The conversation went well into the night. He told me that at times he is angry about the dropping of the bomb and at other times he understood it. It was a very difficult and emotional subject for him but in the end, I think that perhaps he felt a bit relieved that he was able to express his thoughts to the son of an American whose father and uncles fought in some of the most bloody battles in WWII and of course it was bittersweet since we both lost close relatives in the Pacfic war.
To this day we still correspond via the internet and a few years ago he visited the US and spend a few days with us.
We sat together at night listening to the great Blues singers/musicians and reminisce. We are the last of the breed, it's now our children, grandchildren, and great grandchildren and the war is ancient history to them.
We also toast to ''perhaps someday there will be no more wars''....
Kanpai (cheers)
This is when I regret recycling all of my CD covers. I had no idea Sadao Wantanabe was born in 1933 north of Tokyo.
A wonderful story, Kavika. Very interesting and enlightening. I am glad that you had the opportunity to meet him and become good Friends. It was a very tragic event for Japan and its people. It is very good that both of you were able to discuss it and see each others point of view.

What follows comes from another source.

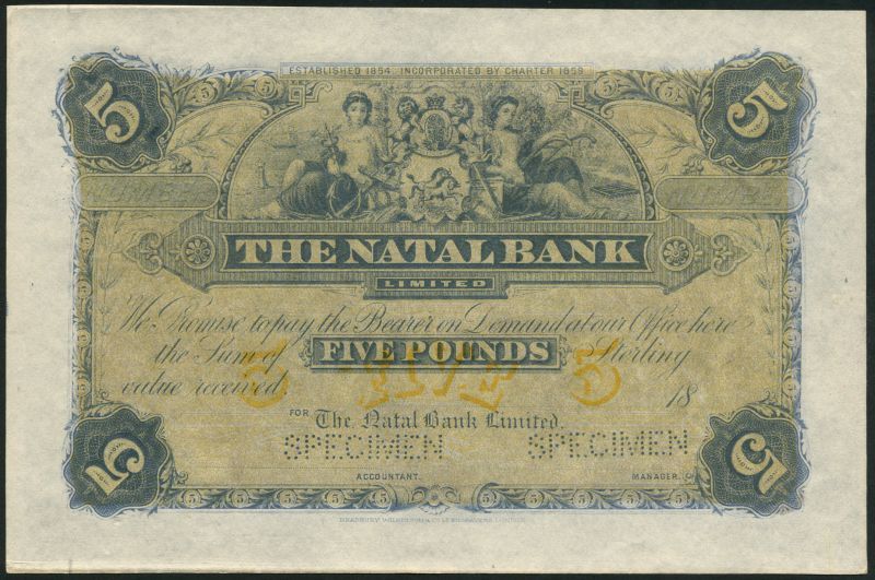 The Natal Bank Limited, a specimen £5, 18- (ca 1890's), plue and beige with value in orange low centre, allegorical maidens flanking arms top centre, value at centre and at each corner, reverse blue and white, bank title and value
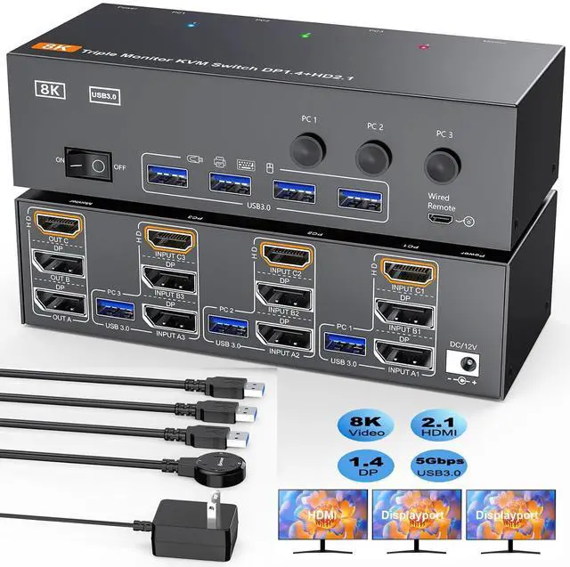 The resolution and fresh rate of triple monitor KVM switch supports up to 8K@60Hz/4K@144Hz.

Thank you for sharing such a heartfelt story.
I doubt that you or Kavika can pick up an American history book without questioning the authors identity and life's ethnic experiences.
Without a doubt SP.
One of the things I've learned about this in recent years is that the debate over targeting also included a consideration of the future of nuclear weapons. Before the bomb drops on Hiroshima and Nagasaki, we were already working on the much more powerful hydrogen bomb, we knew they could be delivered by missiles, and we also knew other countries would develop the technology.
So part of the decision to use the bomb was to show just how terrible it was. Just imagine if Russia and America built all the nuclear missiles we have built but nobody had ever seen it used. Part of what kept the Cold War from exploding out of control was our knowledge of what it meant to actually use one of these weapons.
NANJING (NANKING)
300,000 MURDERED
"To put this in perspective, approximately 240,000 people died from the atomic bombings on Hiroshima and Nagasaki and radiation-related illness...."
I remember reading somewhere that there was 1 known individual to have survived both the Hiroshima & Nagasaki atomic bombings.